Friday, March 28, 2008

Boycott Starbucks

Yeah, right, like we can boycott Starbucks, the largest independent coffee importer and chain coffee cafe. They're everywhere in the U.S., both independent and in-store cafes. I go to one at least once a week because they're open early Sunday mornings for newspapers and coffee. And often several times during the week, but only when I can't find another cafe, preferably small independent or chain cafe, such as SBC or Tullys.

Starbucks is noted for the good employee benefits and policies, another reason to support them. You're supporting people who enjoy their job and work hard. They deserve the tips you give them. And that's where I'm thinking of boycotting Starbucks.
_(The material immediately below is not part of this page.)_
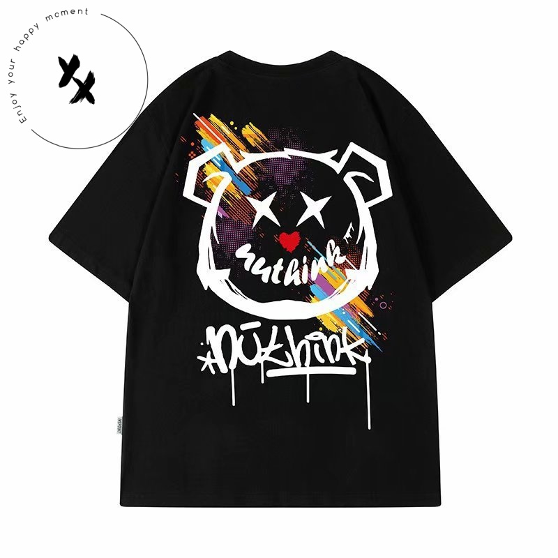 Short Sleeved T-shirt Men's Korean Version Casual Loose Street Hip-hop Round Neck Summer Outfit Couple T-shirt Teddy Bear Top
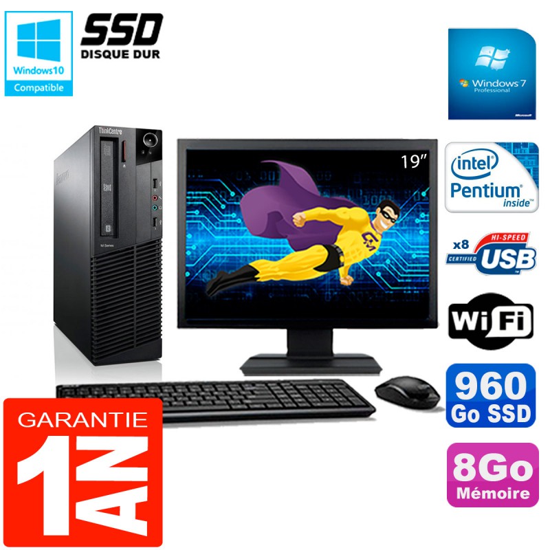 PC Lenovo M92p SFF - Intel G630 2,7Ghz (3 Mo de cache) - 8Go DDR3 - Disque Dur 960Go SSD - Graveur DVD - Clé WIFI USB - Windows 7 Pro - Pack Clavier + Souris + Ecran 19" ( Marque et modèle selon arrivages) - Garantie = 1 an.

Not for their products or service, and especially not the employees, but the arogrance of their CEO Howard Schulz.

A class action suit filed in California was decided in favor of the plaintiff, the employees, who sued that tips belong to employees and can't be shared by managers. The court agreed that tips weren't for members of management, because they're not the classification of employees eligible for tips. It would have been a good jesture by the CEO to agree, and then change the corporation's policy and reimburse the employees the court mandated.

Or so, you would think it would be a good jesture for a good CEO. But Mr. Schulz has decided to appeal the decision. And his communications to the employees really doesn't explain it. He tries to treat managers, which sometimes may work as baristas from time to time since most start as baristas, as the same as fulltime baristas. What doesn't he understand about California law that says anyone who supervises is management?

Starbucks has other policies I'm not happy with. You can't tip baristas in Starbucks cafe in Safeway stores because they're not Starbucks employees. They're Safeway employees. And the same for anywhere else Starbucks is in stores. That's unfair to the baristas. What's good about doing your best if the customer can't thank you with a tip?

And Howard Schulz himself isn't loved by many here. He tried to bully the local government when he not only blocked off a public access to the public beach in front of his lake front home, he built into to like it was his property. The local government had to go to court to force him to pay for the work to remove his work and build the public access. He tried to make it a public relations issue of the government bullying him, which didn't last when the facts became public.

Anyway, my point? Well, obviously it's too hard to boycott Starbucks, for me at least since a few know me as a routine customer. And it wouldn't be fair to the employees to boycott them for the actions of the CEO. So, I don't have an answer but somehow we need to send a message to Howard Schulz, like we can, and if we could, would he listen? I doubt it.